Une situation qui perdure pour beaucoup, estime Damien Labbé. « En 2021, sur 2 000 des techniciens du magazine et du divertissement ayant répondu à une étude, 75 % estimaient effectuer 8 heures supplémentaires par semaine non rémunérées », souligne-t-il. « Ce n’est que du déclaratif, mais cela correspond à ce qu’on constate tous », insiste-t-il.

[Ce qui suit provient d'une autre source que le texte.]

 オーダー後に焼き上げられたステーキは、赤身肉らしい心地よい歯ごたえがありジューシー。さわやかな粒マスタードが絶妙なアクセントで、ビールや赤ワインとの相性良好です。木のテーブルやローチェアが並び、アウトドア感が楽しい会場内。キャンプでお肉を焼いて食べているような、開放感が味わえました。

Seulement, faire valoir ses droits n’est pas toujours évident dans ce milieu. « Le mot d’ordre, c’est si t’es pas content, il y a du monde qui attend derrière la porte », appuie cet autre monteur pour « Les 12 coups de minuit » de TF 1. « On évite de faire des vagues, c’est sûr, il y a une certaine appréhension liée à la précarité et les productions en jouent forcément », pointe ce monteur de « Star Academy », sur TF 1. Lui, n’a pas participé au mouvement. « Ce n’est pas l’envie qui manque, je suis payé le même tarif qu’il y a quinze ans, mais si j’avais débrayé, j’aurais juste fini plus tard ce que j’avais à rendre, je ne vois pas l’intérêt », explique-t-il.
« Un débrayage de quelques heures ça s’absorbe, oui, mais ce serait plus compliqué pour les productions si ça perdurait, note Lionel qui navigue entre « Le Meilleur Pâtissier », « Top Chef » ou encore « Qui veut être mon associé ? ». Si trente monteurs s’arrêtent deux heures, ça fait soixante heures de travail de moins, ce n’est plus pareil… C’est sur la longueur que ça peut se jouer », insiste-t-il. « Il faudrait y aller plus fort, pense aussi le chargé de postproduction. Si les émissions de Noël sont menacées, là, les télés feraient peut-être bouger les lignes ».